Валя внутри ощутила, как тянется шея. Движение оказалось чужим – будто её затылок кто—то настраивал, как антенну. Губы тронулись, влажные, чуть приоткрытые, как перед ответом, который может изменить ход экзамена. Из горла вырвался тихий выдох, тягучий, с хрипотцой, и Гриня дёрнулся, будто его коснулась тень.

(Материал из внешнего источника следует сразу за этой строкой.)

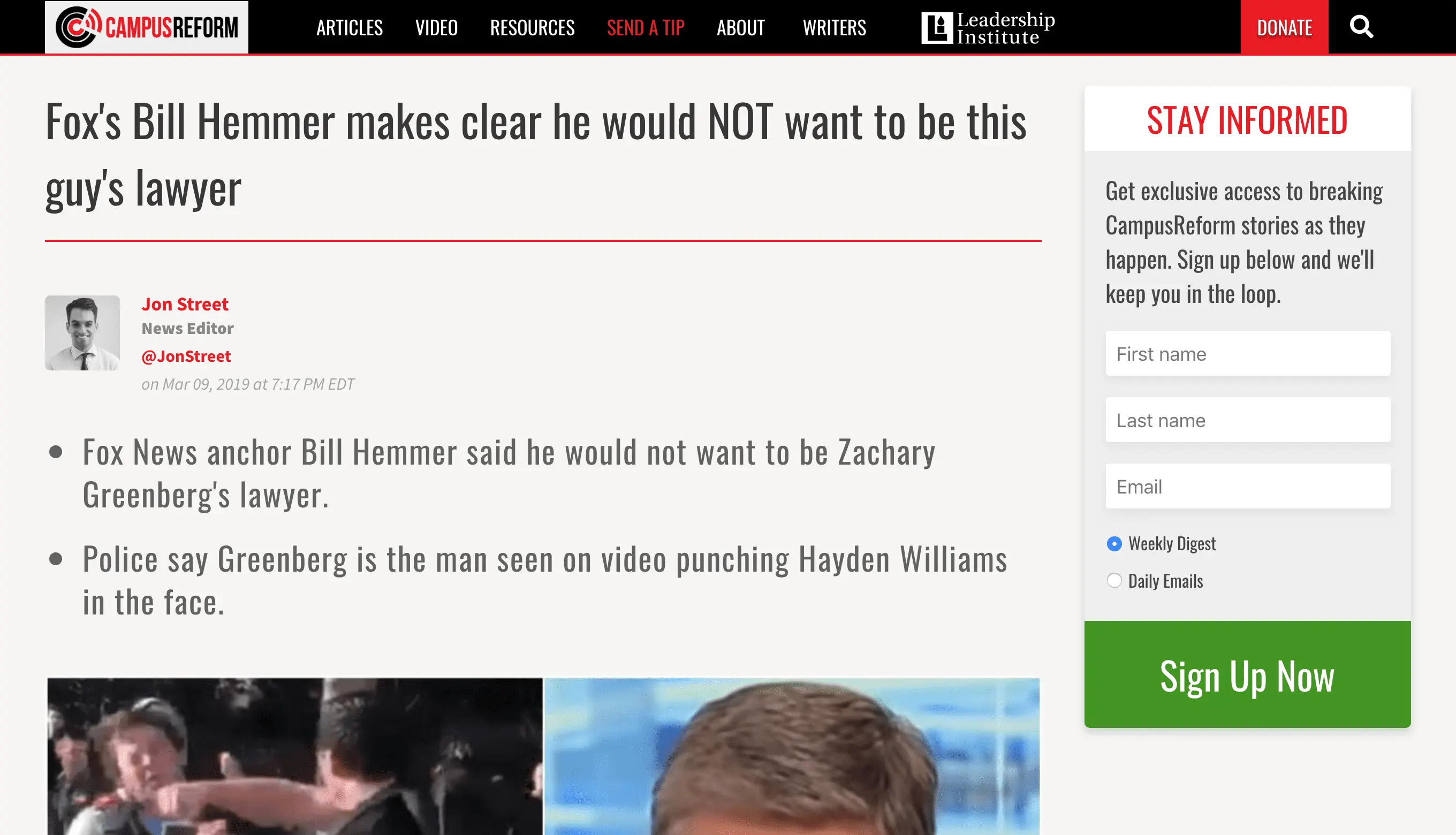 Fox News anchor Bill Hemmer doesn’t seem to think Zachary Greenberg’s lawyer has much of a shot with winning her client’s case.

Кляпа приблизилась к нему вплотную. Дышала медленно, ровно, но каждый вдох был ощутимым – как будто она вдыхала прямо в его грудную клетку. В воздухе стояло напряжение, которое нельзя было тронуть – оно жило само, как лампочка, мерцающая на грани перегорания. Она склонилась ещё ближе, и движение её головы было столь преднамеренным и медленным, что у Грини закружилась голова. Он почувствовал, как её губы обвивают его достоинство – бережно, но с тем намерением, в котором не оставалось места случайности. То, что она взяла в рот, подсказывало: это была награда, от которой невозможно отказаться.

Рот Вали – её рот – был влажным, податливым, живущим отдельной жизнью. Он двигался точно, аккуратно, как будто знал, где остановиться, а где задержаться чуть дольше. Губы касались его кожи, как будто слушали, не пробежит ли по ней ток. И пробегал. Гриня дышал неровно. Каждое движение рта казалось ему звуком. Хлюпающий, мягкий, чуть липкий – этот звук слипался с его дыханием, будто слюна с электричеством.

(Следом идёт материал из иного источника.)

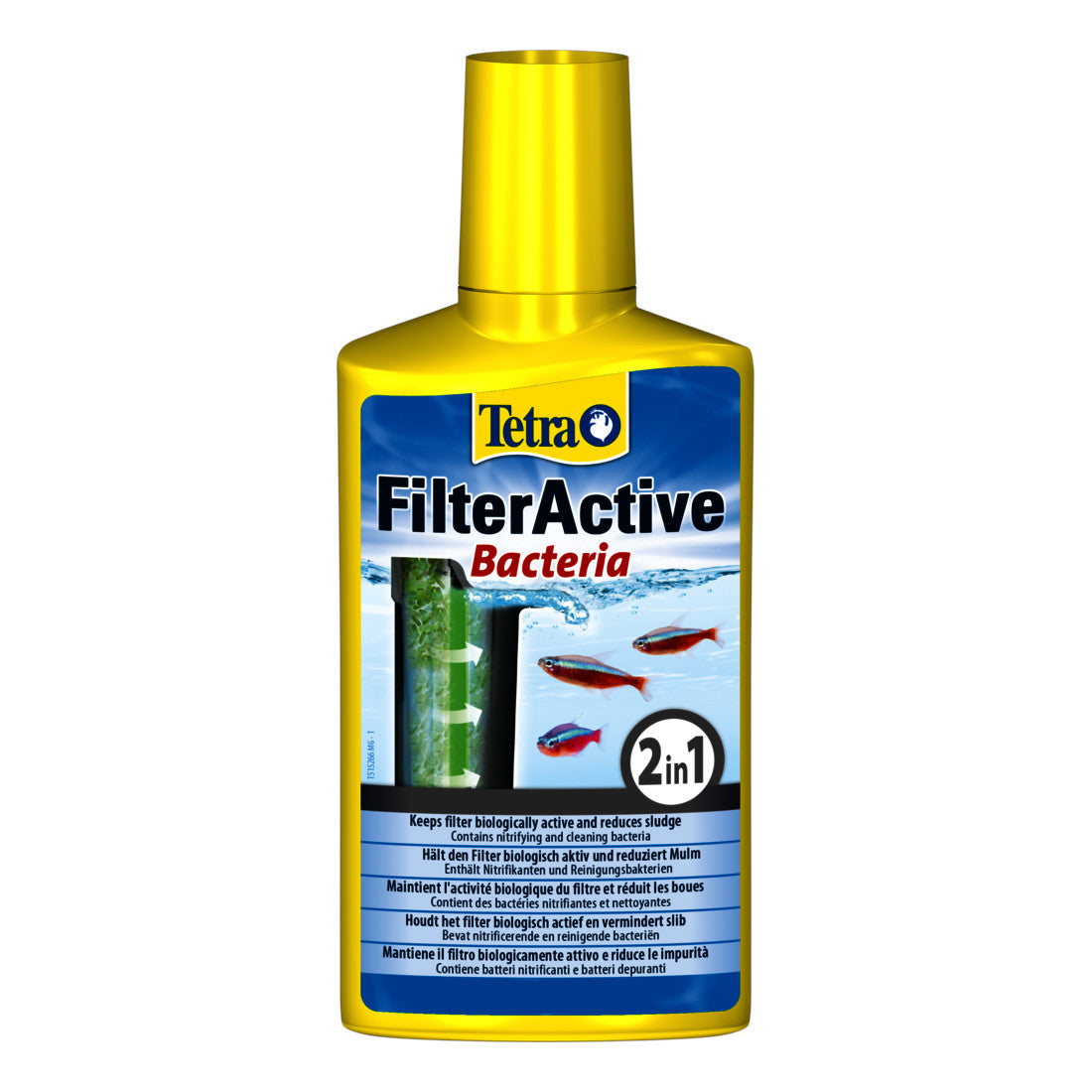 Tetra FilterActive keeps the filter biologically active and keeps it cleaner for longer with its natural action. It contains live starter bacteria and sludge-reducing cleaning bacteria that accelerate the biological degradation of ammonia, nitrite, fish waste, sludge, food and plant remains and filter mud.

Он не смотрел – не мог. Закрыл глаза. Голова его откинулась назад. Шея дрожала. Лопатки подрагивали, словно тело пыталось спрятаться в себя. И всё же он оставался на месте. Потому что в этих звуках, в этом ритме, в этой влажной пластике было что—то такое, от чего не убегают. Даже если страшно. Даже если стыдно.

Валя внутри молчала. Не потому что хотела, а потому что не могла. Весь центр управления, весь голос, всё дыхание – принадлежало Кляпе. И Кляпа не торопилась.

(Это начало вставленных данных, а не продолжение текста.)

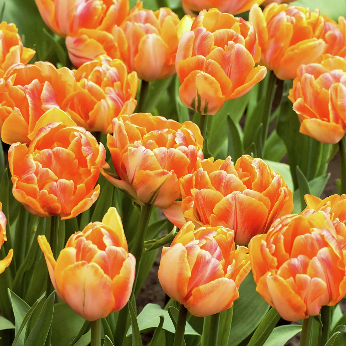 Welch eine Pracht, wenn die Tulpe ab April ihre herrlichen, lachsorangenen Blüten hervorbringt! Das Besondere: sie sind gefüllt und verbreiten einen angenehmen Duft. Über den dunkelgrünen, linealen Blättern kommen die Blüten besonders gut zur Geltung.

Она не спешила. Каждый её жест был продуман, как пассаж в медленной музыкальной фразе, где всё зависит не от количества нот, а от паузы между ними. Губы двигались уверенно, с такой внимательной пластикой, будто она изучала карту чужого тела языком навигации. Иногда задерживалась. Иногда едва касалась. Иногда делала короткое движение, а потом обрывала его – как будто дразнила самого воздух.

Гриня держался из последних сил. Его руки были связаны, но мышцы напрягались, словно он всё равно пытался ухватиться за хоть что—то – за воздух, за звук, за себя. Он будто всем телом вжимался в подушку, как в единственное, что оставалось неподвижным в этом сдвинувшемся мире. Лоб блестел, дыхание сбилось, а в горле будто застряло что—то между стоном и попыткой сформулировать благодарность. Только губы Вали, влажные, тёплые, уверенные, всё продолжали работу – не ритмично, не сдавленно, а словно проверяя чувствительность каждой точки. Там, где касание звучало – она задерживалась. Там, где кожа дрожала – усиливала нажим дыхания.